Monday, March 3, 2014

Chapter 7 D.S. summary

Leading into the 1950's the discovery and naming of new elements was so frequent that even the New Yorker was making quips about it. Two scientists, Seaborg and Ghiorso, were, for many years, ahead of the rest of the world in discovery and creating new elements at UC Berkeley, and had the honor of naming them with nationalistic names like americium and californium. This mad dash across the globe of scientists wanting to be the discoverers and namers of elements led to much debate across the scientific community - someone would claim to have found an element, someone else reviewed it and found it faulty, the name is retracted, it it discovered years later that it may have actually been a different and still-undiscovered element, etc. In this same race Russian scientists, Flyorov, gained a name for himself in Stalin's eyes after predicting the US' plans for developing a nuclear bomb and with his team bagged 105 and 105. The team at Berkeley hotly contested all of these and desperately tried to regain their lead.
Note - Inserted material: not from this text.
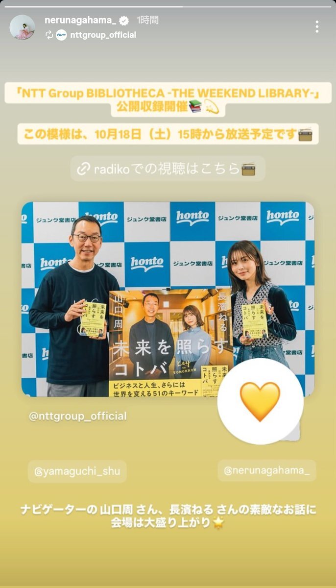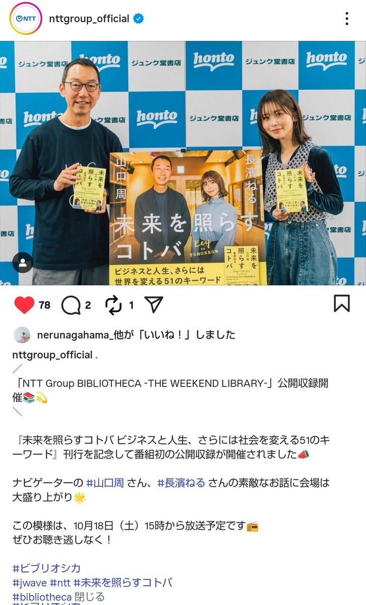 18日にもう放送されるとは!! 編集早いな。◕‿◕。😁 #未来を照らすコトバ #未来を照らすコトバ_ビジネスと人生さらには社会を変える51のキーワード #bibliotheca #ビブリオシカ #山口周 #長濱ねる #図書館司書 #SDGs #jwave #radiko #NTT #library #books pic.x.com/Ig5a6h8dFj

After both teams produced 106 just months apart the issue over naming came to a T - both teams were naming the elements they were discovering (the same elements) their own names and it grew to the point where IUPAC had to step in although Berkeley ended up getting most of the names it wanted through stubbornness. This contest went back and forth, with much hasty and faulty evidence, as the Soviet Union and the U.S. tried to out-chemistry each other.